The beneficiary, or their guardian, will ask the trustee to make a distribution. The trustee will consider whether or not he or she is permitted to make the distribution and whether making the distribution is in the best interest of the beneficiary. If the trustee agrees to the distribution, the trustee will pay for the good or service directly from the trust account to the vendor.
Protective wording should be inserted in the trust to clarify that the trustee is to expend income and principal only after Federal, state, and local public assistance is received and exhausted. The income and principal should only be used for the benefit of the beneficiary. A spendthrift clause should also be included in the trust to avoid the possibility of the government’s attaching the trust property to be reimbursed for its public assistance payments.
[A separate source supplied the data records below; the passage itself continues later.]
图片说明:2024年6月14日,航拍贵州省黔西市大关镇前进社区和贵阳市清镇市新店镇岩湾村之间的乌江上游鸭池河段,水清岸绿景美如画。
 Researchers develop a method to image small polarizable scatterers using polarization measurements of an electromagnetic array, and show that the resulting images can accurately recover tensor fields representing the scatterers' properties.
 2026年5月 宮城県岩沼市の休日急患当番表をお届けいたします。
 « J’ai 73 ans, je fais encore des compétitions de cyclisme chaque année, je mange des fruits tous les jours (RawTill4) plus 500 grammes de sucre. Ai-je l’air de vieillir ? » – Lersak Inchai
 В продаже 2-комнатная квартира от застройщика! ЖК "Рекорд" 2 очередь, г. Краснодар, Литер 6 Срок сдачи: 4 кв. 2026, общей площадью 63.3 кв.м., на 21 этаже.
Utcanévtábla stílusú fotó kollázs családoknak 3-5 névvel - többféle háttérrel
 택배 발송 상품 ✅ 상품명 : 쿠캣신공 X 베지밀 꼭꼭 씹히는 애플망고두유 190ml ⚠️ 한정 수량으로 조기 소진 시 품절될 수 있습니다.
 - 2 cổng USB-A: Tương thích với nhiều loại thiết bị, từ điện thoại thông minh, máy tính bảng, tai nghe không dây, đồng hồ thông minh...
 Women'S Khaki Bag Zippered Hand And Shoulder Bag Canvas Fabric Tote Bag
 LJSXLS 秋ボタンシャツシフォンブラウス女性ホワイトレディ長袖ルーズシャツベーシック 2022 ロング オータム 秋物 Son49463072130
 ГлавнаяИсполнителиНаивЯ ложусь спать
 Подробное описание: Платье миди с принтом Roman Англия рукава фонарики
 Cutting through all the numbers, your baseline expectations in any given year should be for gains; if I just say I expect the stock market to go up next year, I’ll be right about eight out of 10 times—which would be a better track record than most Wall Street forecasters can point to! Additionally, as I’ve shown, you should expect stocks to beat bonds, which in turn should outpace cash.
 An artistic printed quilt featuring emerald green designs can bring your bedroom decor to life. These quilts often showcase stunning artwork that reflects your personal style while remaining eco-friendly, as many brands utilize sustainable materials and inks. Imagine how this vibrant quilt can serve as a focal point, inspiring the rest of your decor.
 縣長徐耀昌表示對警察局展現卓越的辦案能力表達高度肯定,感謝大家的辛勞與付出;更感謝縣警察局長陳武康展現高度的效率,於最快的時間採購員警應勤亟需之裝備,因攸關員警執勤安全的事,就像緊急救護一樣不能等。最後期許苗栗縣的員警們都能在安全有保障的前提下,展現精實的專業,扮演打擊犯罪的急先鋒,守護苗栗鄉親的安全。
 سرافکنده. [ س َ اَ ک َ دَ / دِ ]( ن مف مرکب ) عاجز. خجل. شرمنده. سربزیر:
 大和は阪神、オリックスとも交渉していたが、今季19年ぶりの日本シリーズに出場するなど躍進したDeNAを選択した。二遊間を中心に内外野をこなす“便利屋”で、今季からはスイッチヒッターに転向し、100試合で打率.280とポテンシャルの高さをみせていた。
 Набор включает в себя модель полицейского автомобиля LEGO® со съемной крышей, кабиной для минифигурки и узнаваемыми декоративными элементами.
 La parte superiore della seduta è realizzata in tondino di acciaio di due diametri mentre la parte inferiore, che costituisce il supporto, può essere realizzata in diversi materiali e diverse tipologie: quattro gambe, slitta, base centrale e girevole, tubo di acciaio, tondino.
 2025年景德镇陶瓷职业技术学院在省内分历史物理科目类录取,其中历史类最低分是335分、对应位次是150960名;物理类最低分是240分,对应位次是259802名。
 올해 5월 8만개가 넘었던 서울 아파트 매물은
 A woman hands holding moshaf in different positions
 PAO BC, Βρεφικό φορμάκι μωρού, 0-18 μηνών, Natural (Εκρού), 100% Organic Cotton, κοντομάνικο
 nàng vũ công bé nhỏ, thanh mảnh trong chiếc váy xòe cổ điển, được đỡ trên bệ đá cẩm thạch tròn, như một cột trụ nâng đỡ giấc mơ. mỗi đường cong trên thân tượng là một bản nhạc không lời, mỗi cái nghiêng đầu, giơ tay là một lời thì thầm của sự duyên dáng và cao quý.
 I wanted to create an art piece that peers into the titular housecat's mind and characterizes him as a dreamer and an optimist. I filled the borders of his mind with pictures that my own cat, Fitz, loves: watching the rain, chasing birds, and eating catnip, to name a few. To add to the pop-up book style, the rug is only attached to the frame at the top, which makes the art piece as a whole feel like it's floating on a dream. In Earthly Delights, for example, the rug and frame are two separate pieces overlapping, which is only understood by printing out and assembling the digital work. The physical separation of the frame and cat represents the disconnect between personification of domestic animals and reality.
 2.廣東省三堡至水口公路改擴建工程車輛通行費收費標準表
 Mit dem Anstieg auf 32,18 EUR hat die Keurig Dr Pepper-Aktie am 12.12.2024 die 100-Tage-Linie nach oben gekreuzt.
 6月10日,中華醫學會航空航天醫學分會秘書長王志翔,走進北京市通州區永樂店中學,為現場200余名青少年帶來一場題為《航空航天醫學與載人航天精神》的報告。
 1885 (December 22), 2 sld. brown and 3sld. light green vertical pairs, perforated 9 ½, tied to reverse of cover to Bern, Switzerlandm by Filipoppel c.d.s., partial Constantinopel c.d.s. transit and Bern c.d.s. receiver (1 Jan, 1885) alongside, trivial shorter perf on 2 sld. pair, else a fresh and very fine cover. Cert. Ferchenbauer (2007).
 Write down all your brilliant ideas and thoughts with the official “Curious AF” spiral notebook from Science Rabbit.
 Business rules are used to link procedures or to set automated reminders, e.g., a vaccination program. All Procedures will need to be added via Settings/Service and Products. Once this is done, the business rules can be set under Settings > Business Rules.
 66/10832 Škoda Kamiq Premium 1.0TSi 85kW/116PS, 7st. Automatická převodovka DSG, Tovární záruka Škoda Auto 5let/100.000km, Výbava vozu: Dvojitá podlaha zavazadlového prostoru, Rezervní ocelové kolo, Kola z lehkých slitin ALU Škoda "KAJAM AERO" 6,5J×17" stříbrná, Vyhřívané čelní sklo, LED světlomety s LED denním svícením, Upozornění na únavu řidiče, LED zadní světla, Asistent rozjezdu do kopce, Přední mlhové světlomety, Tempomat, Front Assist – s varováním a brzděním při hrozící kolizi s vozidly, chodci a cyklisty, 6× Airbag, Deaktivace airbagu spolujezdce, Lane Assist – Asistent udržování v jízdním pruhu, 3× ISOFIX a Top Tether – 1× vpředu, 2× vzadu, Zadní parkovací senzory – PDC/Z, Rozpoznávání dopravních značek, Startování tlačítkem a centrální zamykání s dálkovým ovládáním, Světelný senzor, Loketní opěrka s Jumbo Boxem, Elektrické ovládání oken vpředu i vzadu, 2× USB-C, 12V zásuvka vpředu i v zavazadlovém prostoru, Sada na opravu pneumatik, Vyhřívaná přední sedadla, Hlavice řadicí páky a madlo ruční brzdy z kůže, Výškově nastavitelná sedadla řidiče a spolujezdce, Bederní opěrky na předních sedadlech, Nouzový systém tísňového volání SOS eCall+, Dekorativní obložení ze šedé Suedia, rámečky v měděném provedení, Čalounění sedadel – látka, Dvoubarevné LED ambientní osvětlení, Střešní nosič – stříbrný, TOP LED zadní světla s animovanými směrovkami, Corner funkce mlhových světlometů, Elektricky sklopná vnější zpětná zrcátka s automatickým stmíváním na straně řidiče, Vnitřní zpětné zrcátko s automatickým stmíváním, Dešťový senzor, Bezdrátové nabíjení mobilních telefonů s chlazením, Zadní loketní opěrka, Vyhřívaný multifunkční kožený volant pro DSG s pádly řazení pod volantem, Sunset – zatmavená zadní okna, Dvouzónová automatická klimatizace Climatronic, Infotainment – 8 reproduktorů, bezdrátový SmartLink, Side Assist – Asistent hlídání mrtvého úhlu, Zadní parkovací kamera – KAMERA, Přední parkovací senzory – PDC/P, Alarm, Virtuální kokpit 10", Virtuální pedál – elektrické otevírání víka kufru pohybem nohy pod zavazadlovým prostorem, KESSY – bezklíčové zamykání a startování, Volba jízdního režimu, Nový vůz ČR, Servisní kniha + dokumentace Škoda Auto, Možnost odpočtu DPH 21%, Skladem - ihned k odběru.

Choosing an attorney to draft a Special-Needs Trust is not always an easy task. Drafting a Special-Needs Trust is highly specialized and you want someone who is experienced in this area. Choose someone whom you can trust and you feel comfortable with because the Special-Needs Trust will last for the lifetime of the beneficiary and your attorney will be a crucial part of your financial team.
Michael D. Wild is a Florida attorney specializing in the areas of estate planning and asset protection. For more information on successful Florida estate planning and asset protection techniques, please contact the South Florida law firm of Wild Felice & Pardo, P.A. at 954-944-2855 or via email at email@example.com to schedule your free consultation. Protecting what you value most.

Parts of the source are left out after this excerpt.